1160: Mapping Spondyloarthritis Susceptibility Loci in B10.RIII Mice

Jyotsna Soundararajan¹, Anu Shivalikanjli², Thomas Keane² and Joerg Ermann³, ¹Brigham and Women's Hospital, Boston, MA, ²European Molecular Biology Laboratory, European Bioinformatics Institute, Cambridge, United Kingdom, ³Brigham and Women's Hospital, Harvard Medical School, Boston, MA

Background/Purpose: Overexpression of IL-23 using IL-23 minicircle DNA in B10.RIII mice results in the development of a spondyloarthritis-like disease. B10.RIII (B10.RIII-H2r H2-T18b/(71NS)SnJ) is a major histocompatibility complex (H-2) congenic strain derived from a cross between the donor strain RIII/WySn (RIII, H-2r) and the background strain C57BL/10Sn (B10, H-2b), followed by seven backcrosses to the background strain. In contrast to B10.RIII mice, B10 mice do not develop IL-23 minicircle-induced arthritis. This difference in phenotype is accounted for by the differences in the genetic backgrounds of the two strains. We set out to identify genomic regions determining arthritis susceptibility in this model.

Methods: The genome sequences of B10.RIII and B10 mice (B10.RIII(71NS)/Sn, C57BL/10SnJ, C57BL/10J) were compared using data from the European Variation Archive. Subcongenic mice were generated replacing individual RIII-derived regions in the B10.RIII genome (r allele) with the B10 interval (b allele). Adult male mice were hydrodynamically injected with 50 ng IL-23 EEV (System Biosciences), and arthritis development was monitored every other day for two weeks. Splenocytes from B10.RIII and B10 mice were sorted into 8 immune cell subsets and analyzed by bulk RNA-seq.

Results: Genome sequence analysis of B10.RIII and B10 strains confirmed RIII-derived regions in the B10.RIII chromosomes 10 (52 Mbp, previously reported) and 17 (25 Mbp, containing the congenic H-2r region). In addition, a small telomeric region on chromosome 14 (5 Mbp) and a large region on chromosome 15 (57 Mbp) were identified as RIII-derived. The RIII-derived regions in B10.RIII contain variants predicted to be damaging to the gene function and these variants are absent in the parental B10 strains. The RIII-derived region on chromosome 15 overlaps with arthritis QTLs previously identified in other models (Figure 1). Experiments with subcongenic strains showed that the RIII-derived regions on chromosomes 15 and 17 but not the chromosome 10 region affect susceptibility to IL-23 minicircle-induced arthritis in an autosomal dominant fashion (Figure 2). RIII-derived clusters accounted for a higher proportion of the differentially expressed genes in immune cell subsets from B10.RIII and B10 mice. Several genes carrying damaging variants were differentially expressed. We integrated genome sequence variation and gene expression data with information on gene function, arthritis QTLs, and arthritis-associated genes in humans to identify candidate genes for further analysis.

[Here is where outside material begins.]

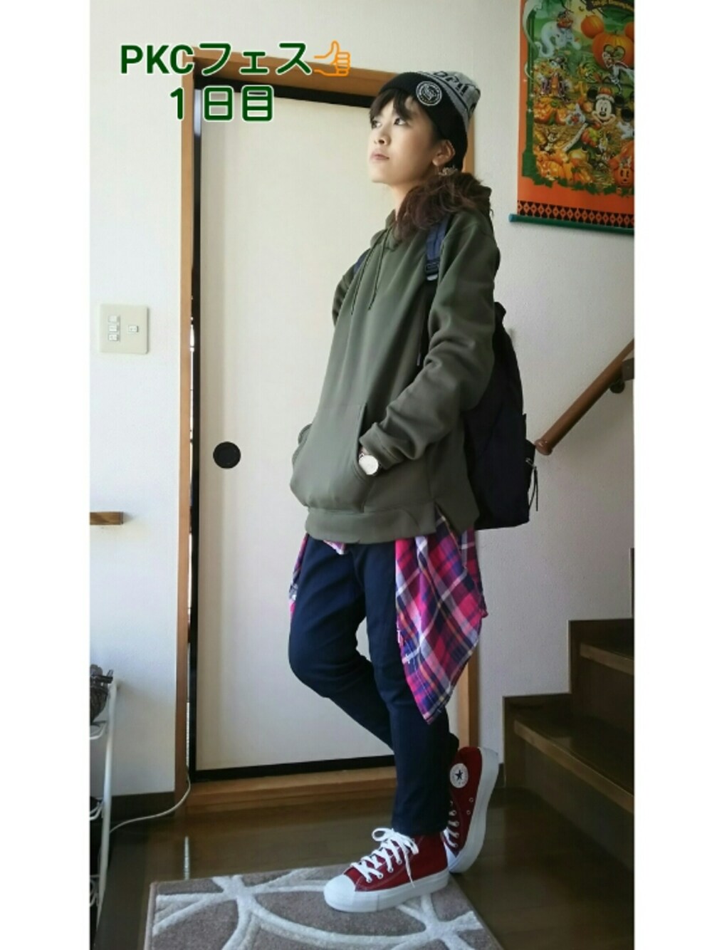 皆さん、PKCしてる~⤴? いつも見ていただき、ありがとうございます✨ どーも✋この時期は8割ニット帽被ってるshihoです😆 PKC(パーカーコーデ)フェス開幕⤴ フェスは基本0時ジャストアップのけんぞーくんを皮切りに、1日目から多くの方に参加して頂いてます✨ う、嬉しい😂 後ほど皆さんの所にお伺いしますね😃 フェスは6日まで開催してますので、ぜひよろしくお願いいたします✨ タグは『PKC(パーカーコーデ)フェス』です👍 お間違いなく☺ 1日目のコーデは… 仲良しぽんくんのコーデが可愛くて、昨日WEGOで同じパーカー買ってやっちゃいました😃 ぽんくんのコーデは小窓で⤴ カーキのパーカーにチェックシャツ腰巻き👍 カーキとピンクって意外に合うんですね✨ WEGOのパーカーは裏起毛だから今の時期の天気が良い日にはちょうど良い✌ パンツはデニムサルエルパンツで適度にゆるさを出してみました✨ テーパードだからゆるすぎず、きっちり感も出ますね😁 パーカー×ニット帽って好きでよくやっちゃう。 今日は横山裕くんデザインの関ジャニ∞ライブグッズのニット帽✌ Daniel wellingtonつけて、赤コン履いて、リュック背負って出来上がり☺ …色味はぽんくんのコーデよりカラフルになっちゃったけど💦 思い付きな割りに、意外に色味まとまった気がする😁 赤コンも暗めだから合うのかも😃 ちなみに、アイシャドーもカーキです😆 さーて明日はどーしよーかな? 仕事だし、夜は研修だし。。。 研修パーカーコーデ考えようかな?😆 良かったら、いいね!、セーブお願いいたします😃 フォロー、コメントお待ちしてます✨ Instagram、プロフィールからいけるのでぜひ。 今回とバージョン違いInstagramに載せます☺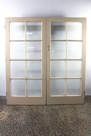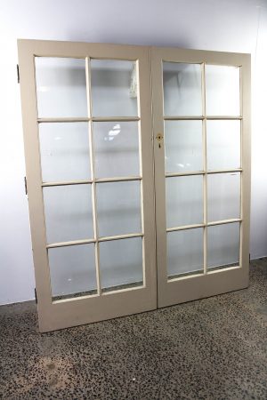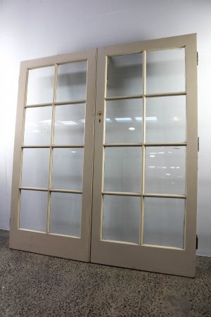 Large colonial door set made from redwood timber and containing clear glass throughout.

Conclusion: Susceptibility of B10.RIII mice to IL-23 induced spondyloarthritis-like disease is controlled by two major RIII-derived genomic regions, the congenic H-2r on chromosome 17 and a "contaminating" region on chromosome 15 that overlaps with arthritis susceptibility loci previously identified in other models. Candidate susceptibility genes include the Ly6 cluster on chromosome 15 and Ilrun on chromosome 17.
Partial map of chromosome 15 showing the overlap between previously identified arthritis QTLs and the RIII-derived region (blue) in the B10.RIII genome. The position of microsatellite markers used for genotyping is shown in Mbp. Eae = experimental autoimmune encephalomyelitis, Cia = collagen-induced arthritis, Pgia = proteoglycan-induced arthritis

Subcongenic B10.RIII mice heterozygous b/r for the chromosome 15 region (Chr15br) were intercrossed to generate littermates that were Chr15bb, Chr15br or Chr15rr. 8-12-week-old male mice received 50 ng IL-23 EEV via hydrodynamic tail vein injection on day 0. Animals were monitored for clinical score and paw swelling every 2 days until day 14. Data are mean ± SD with 5-7 mice per group.
Disclosures: J. Soundararajan, None; A. Shivalikanjli, None; T. Keane, None; J. Ermann, Novartis, Pfizer, AbbVie/Abbott, UCB, Eli Lilly.